Trace the century-long history of Porgy and Bess, from the book and play that inspired the Gershwin brothers’ opera to major adaptations and productions, including Houston Grand Opera’s pivotal 1976 staging.
South Carolina author DuBose Heyward publishes his novella Porgy, about a disabled beggar living in a Charleston slum.

Heyward and his wife Dorothy bring the book to the stage as a successful play with traditional spirituals interspersed throughout the drama.

Collaborating with Heyward, brothers George and Ira Gershwin adapt the play into a “folk opera.” After its Boston tryout, it opens on Broadway with Todd Duncan and Anne Brown in the title roles.

A major revival opens on London’s West End starring William Warfield, Leontyne Price, and Cab Calloway. It goes on to tour across the U.S., Europe, South America, and even the Soviet Union.

Otto Preminger directs the sole big-screen version of Porgy, starring Sidney Poitier, Dorothy Dandridge, Sammy Davis Jr., and Pearl Bailey.

Houston Grand Opera restores the work to its creators’ original vision with a groundbreaking new staging by Jack O’Brien. The production—with Donnie Ray Albert and Clamma Dale in the title roles—moves to Broadway and wins both a Tony and a Grammy.

Trevor Nunn, director of Cats and Les Misérables, stages a celebrated Porgy at the Glyndebourne Festival. In 1993, it’s adapted into a TV movie featuring Willard White and Cynthia Haymon.

Hope Clarke stages a new Porgy for HGO—the first production of the opera by an African American director. It tours to Japan, La Scala, and the Paris Opera.

A controversial Broadway revival, starring Norm Lewis and Audra McDonald, reimagines the Gershwins’ opera as something closer to a musical.

Francesca Zambello’s 2005 production, revived nearly a dozen times across the U.S., finally makes its way to HGO—the company’s first Porgy in 30 years.

Porgy and Bess is set in Charleston, South Carolina, a colonial port situated at the point where three rivers flow into the Atlantic. Learn how the city’s rich African American culture—as well as Black communities on surrounding sea islands—inspired the opera’s story and its musical language.

Heyward’s fictional Catfish Row was based on a real-life tenement complex on Church St. known as Cabbage Row.
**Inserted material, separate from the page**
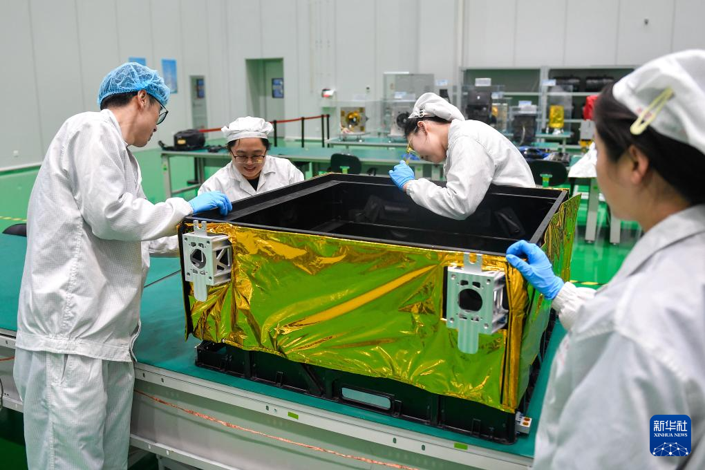 在吉林省長春市,長光衛(wèi)星技術(shù)股份有限公司科研人員將制作完成的多層隔熱組件包覆在衛(wèi)星外殼部件上(4月2日攝)。

Porgy himself was inspired by a disabled peanut seller named Samuel Smalls who got around Charleston in a goat-drawn cart.

During a 1934 visit to South Carolina, George Gershwin traveled to James Island to observe the Gullah—a Lowcountry community with strong ties to their West African heritage. Although the characters in Porgy belong to this culture, they don’t speak in the Gullah dialect. The only authentic word in the libretto is “buckra,” meaning “white person.” The banjo, which features in Porgy’s “I Got Plenty o’ Nuttin’,” is a traditional Gullah instrument originating in West Africa.

In the summer of 1934, George Gershwin and Porgy librettist DuBose Heyward took up residence on Folly Island, where the composer could absorb the local music. He found inspiration in a form of worship known as “shouting,” which—despite its name—is not a vocal style. As Heyward explains: “This is a complicated rhythmic pattern beaten out by feet and hands as an accompaniment to the spirituals.”
Referred to in the opera as “Kittiwah,” this barrier island was named for an indigenous group native to the region. It was long home to plantations where enslaved Africans harvested cotton and cut lumber from the island’s dense forests.